By Peter Jeff
The Leadership Mints Guy
Here’s an idea to leverage the time you invest in leading. Reading time: 4:14
Mahatma Gandhi, vowing a life of simplicity, often wore a loin cloth. And not much more.
Yet the famed civil rights leader in India always wore a watch — albeit a cheap $1 pocket watch on a string around his waist.
Gandhi, like the most effective leaders, knew that punctuality is the lubricant that meshes the gears of an idea. With punctuality comes a sense of urgency, a sense of expectancy, a sense of respect for the process of leadership to initiate NOW.
That’s why leaders pay homage to the march of time. They know only too well, no matter how mighty their power, how deep their pockets, how high they sit in the pecking order, they simply can’t manufacture an antique, print a masterpiece, or bottle a vintage wine. It takes time. Leaders embrace that inherent power of TIME. As the Great Magi asks in Voltaire’s book Zadig:
“What of all things in the world is longest and shortest,
the most divisible and the most extended,
the most neglected and the most regretted,
without which nothing can be done
which devours all that is little and enlivens all that is great?”
Zadig answers: “TIME”. Leaders No wonder leaders celebrate Time from the world’s first television commercial broadcast on July 1, 1941 (Bulova) to the 14-foot long second-hand on London’s Big Ben to Time’s Square in New York and from the 51 watches that Marie Antoinette received for her engagement to the three watches that inventor Buckminster Fuller always wore when he traveled: one set to current time, one set to his home office time and one set to his destination time.
Some leaders try to manipulate time like the quick thinking Army captain did in 1889 for the inauguration of President–elect Benjamin Harrison. He pushed back the hands of the clock at the Capitol with a long pole so that the president would be on-time for his inauguration.
Other leaders like Ulysses implore the mythological god Athena to extend the night so that he could have even more time to make love to his wife on his first night home after 20 years at war and lost at sea.
Yet as Gandhi knew, leaders already have all the time there is and they can do nothing to slow down the eventual passage of TIME.
That’s why leaders appreciate the significance of a poem by Henry Twells amended by Guy Pentreath and showcased at the TIME Exhibit at the Museum of Science and Industry:
For when I was a babe and wept.
And slept.
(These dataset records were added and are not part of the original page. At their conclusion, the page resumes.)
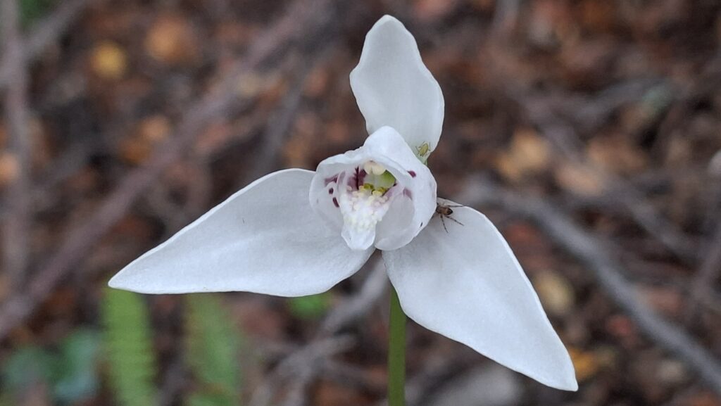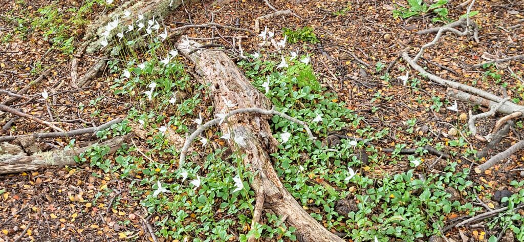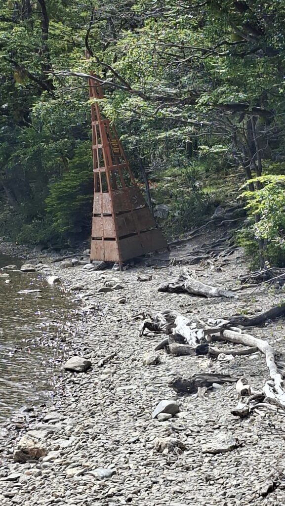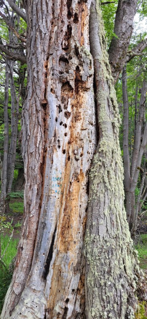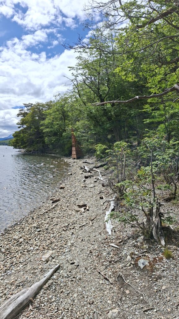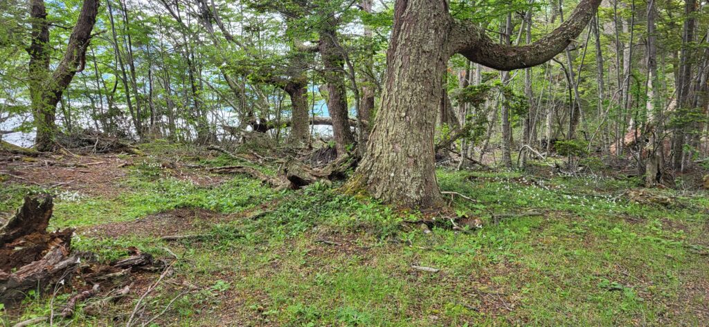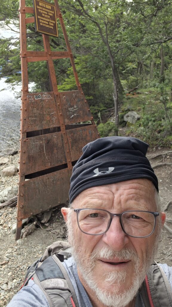 Trotzdem nehmen wir die Wanderung entlang dem Acigami Lake in Angriff. Zuerst schöner, flacher Wanderweg. Danach geht’s auf und ab über Stock und Stein. Viele Baumwurzeln müssen beachtet werden. Auch im Wald gibt es Blumen. Die Weissen, die aussehen wir Orchideen, wachsen so zahlreich, dass es aussieht wie bei uns, wenn im Frühling das Buschwindröschen blüht. Wir schaffen es bis zur Grenze von Chile. Ich bin K.O.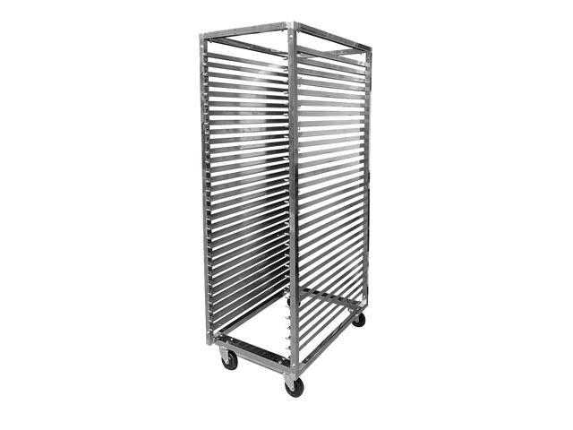 This trolley is designed for our 28-CUD model and allows the 50x85cm trays to be prepped ahead of time or used as a cooling rack after a batch is completed. Trolley comes flat packed for assembly. This item is a trolley only. No trays included.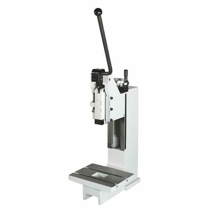 Stabil, ihålig stomme av gjutgods med stor basyta. Stödplatta med fyra fästhål för montering på arbetsbänk eller liknande. Fästsliden för pressverktyg löper spelfritt i en prismatisk styrning och kan ställas in i höjdled. Dessutom går det att ställa in rörelsevägen (slaglängden) på önskat värde med en ställskruv. Uppspänningsplanet är försett med 10 mm T-spår för montering av inspänningsanordningar.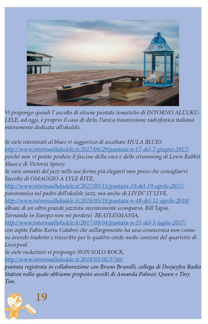 Vi propongo quindi l’ ascolto di alcune puntate tematiche di INTORNO ALL’UKULELE, ad oggi, è proprio il caso di dirlo, l’unica trasmissione radiofonica italiana interamente dedicata all’ukulele.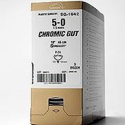 An absorbable, sterile surgical suture composed of purified connective tissue (mostly collagen) derived from either the serosal layer of beef (bovine) or the submucosal fibrous layer of sheep (ovine) intestines. Surgical gut sutures are available in plain or chromic. Chromic gut is processed to proved greater resistance to absorption. Surgical gut is packaged in tubing fluid. Blue dyed chromic gut suture is also available. Surgical gut suture meets all requirements established by the U.S. Pharmacopeia (U.S.P) for absorbable surgical sutures.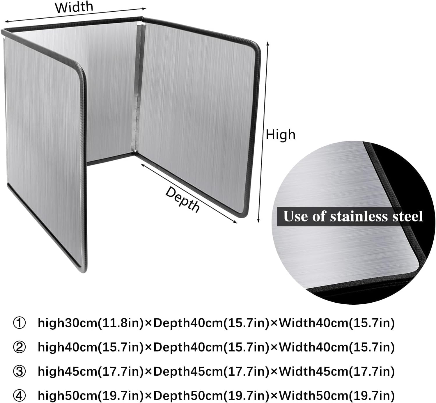 Prevent oil splashes and keep your kitchen clean with our stainless steel oil baffle. This essential kitchen accessory is designed to protect your stove and surrounding areas from oil and food spills during cooking. Crafted from thickened stainless steel, these splatter guards are well insulated to safeguard plastics, spices, and cans from heat damage and deformation. Additionally, they can be used as food wash splash guards for added convenience. Product Details:- Name: Stainless Steel Oil Baffle- Material: Thickened stainless steel- Style: Three-piece fold- Three-piece fold sizes: ①30cm x 40cm x 40cm, ②40cm x 40cm x 40cm, ③45cm x 45cm x 45cm, ④50cm x 50cm x 50cm- Color: Silver- Features: Suitable for various house types; safe and hygienic.Notes:- About size: Please allow a measurement error of 1-3cm due to different measuring methods.- About service: If you have any questions, feel free to contact us; we will respond within 24 hours.

Time crept.
When I was a boy and laughed.
And talked. Time walked.
Then when I was a man. Time ran.
But as I got older and grew, time flew.”
So precious is time that leaders think of opening a Time Treasure Chest every morning filled with $86,400. That’s how much money you would have if you had one dollar for every second in a 24-hour day. Leaders fiercely guard it. Leaders shrewdly invest in it. And leaders deftly manage it.
With that kind of treasure chest, –over a half a million dollars in time every week, many leaders carry gold or silver keys to that treasure. Some leaders even wear those Rolex keys fashionably around their wrist, all the better to keep a watchful eye on that treasure chest of time. Others, more simply, wear a pocket watch around their waist.
No matter. The tick tock continues marching to the leader’s vision at 9,192,631,770 oscillations per second. Even on a cheap pocket watch leading the way.
Pay homage to Time to keep your leadership thinking in mint condition.